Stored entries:
▬▬▬▬▬▬

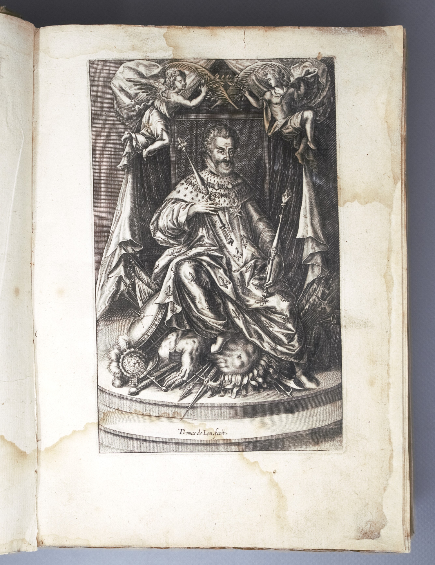 Raemon, Florimond de. L'anti-christ et l'anti-papesse. 14 nn., 485 num., 17 nn. Bl. Mit Titelkupfer, gestochener Portraittafel (in Pag.) Heinrichs IV. von Thomas de Leu. 23 x 16,5 cm. Flexibles Pergament d. Z. (etwas gewellt, angestaubt und fleckig). Paris, L'Angelier, 1599.
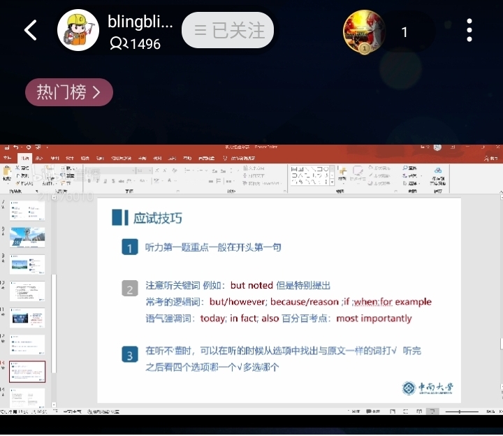 “极地漫谈”系列之英语四级经验分享会圆满结束。在此次直播过程中,同学们积极提出了自己的疑问并得到了高质量的回复,相信同学们都在本次分享会中收获到了关于备战四级考试的方法和四级考试的应试技巧。此次直播观看人数高达1496人次,这充分体现了同学们对于四级考试的重视,以及对于学习的高度热忱。最后,祝愿每一位同学都能在即将到来的四级考试中取得优异的成绩!希望在极地漫谈系列活动的进行下,地信学子能继续提高自己的能力,勇担时代重任!
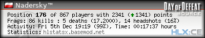 | Rank | Server | Kills | % | Ratio | Deaths | K:D | Headshots | Percentage of Headshots | % | HS:K |
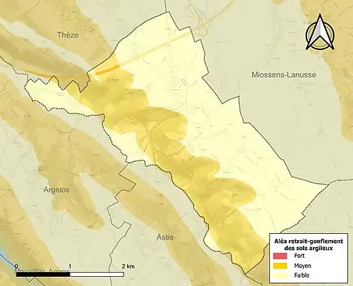 Le retrait-gonflement des sols argileux est susceptible d'engendrer des dommages importants aux bâtiments en cas d’alternance de périodes de sécheresse et de pluie[28]. 39,6 % de la superficie communale est en aléa moyen ou fort (59 % au niveau départemental et 48,5 % au niveau national)[Carte 3]. Depuis le , en application de la loi ELAN, différentes contraintes s'imposent aux vendeurs, maîtres d'ouvrages ou constructeurs de biens situés dans une zone classée en aléa moyen ou fort[Note 4],[29].
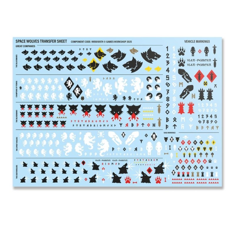 Ce kit est composé de 129 éléments en plastique, de 5x Socles Ronds Citadel de 40mm et de 1x Planche de Décalcos des Space Wolves proposant 419 décalcos de grande qualité pour décorer vos figurines.
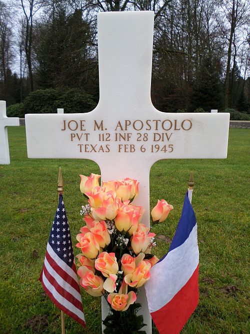 Pvt Joe M. Apostolo enlisted in Houston, Texas on 3 December 1943.Source of information: Peter Schouteten, www.abmc.gov, www.wwiimemorial.com, www.archives.gov – WWII Enlistment Record, www.ancestry.com - Headstone and Interment Record / Sechelski Elison Family Tree, www.findagrave.com, http://112th-infantry.blogspot.com/
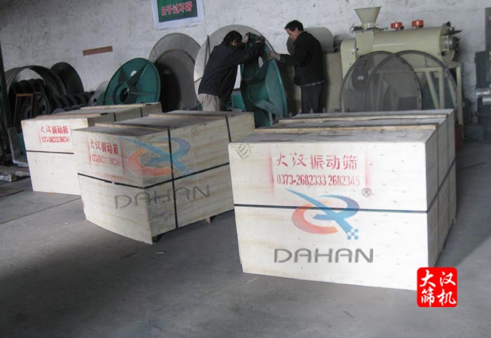 DH-1000型一層振動篩(3臺)木箱包裝,發(fā)貨現場實物圖
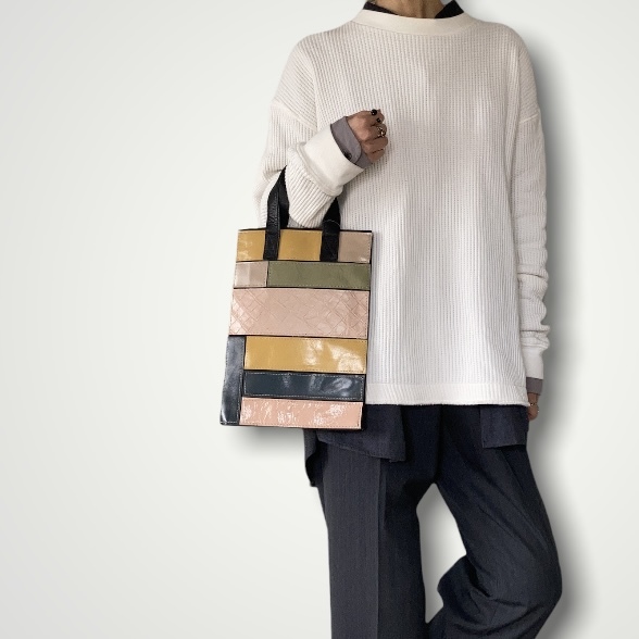 色んな色を組み合わせパズルのように配置した1点物で、前と後ろでもデザインが違うので見せる側によって表情が変わります。

▬▬▬▬▬▬

▶ **Task goal**: Give again, word for word, the lines above from the first one through the one containing "Headshots | % | HS:K |"; no pictures.

▶ **Task solution**:
 Raemon, Florimond de. L'anti-christ et l'anti-papesse. 14 nn., 485 num., 17 nn. Bl. Mit Titelkupfer, gestochener Portraittafel (in Pag.) Heinrichs IV. von Thomas de Leu. 23 x 16,5 cm. Flexibles Pergament d. Z. (etwas gewellt, angestaubt und fleckig). Paris, L'Angelier, 1599.
 “极地漫谈”系列之英语四级经验分享会圆满结束。在此次直播过程中,同学们积极提出了自己的疑问并得到了高质量的回复,相信同学们都在本次分享会中收获到了关于备战四级考试的方法和四级考试的应试技巧。此次直播观看人数高达1496人次,这充分体现了同学们对于四级考试的重视,以及对于学习的高度热忱。最后,祝愿每一位同学都能在即将到来的四级考试中取得优异的成绩!希望在极地漫谈系列活动的进行下,地信学子能继续提高自己的能力,勇担时代重任!
 | Rank | Server | Kills | % | Ratio | Deaths | K:D | Headshots | Percentage of Headshots | % | HS:K |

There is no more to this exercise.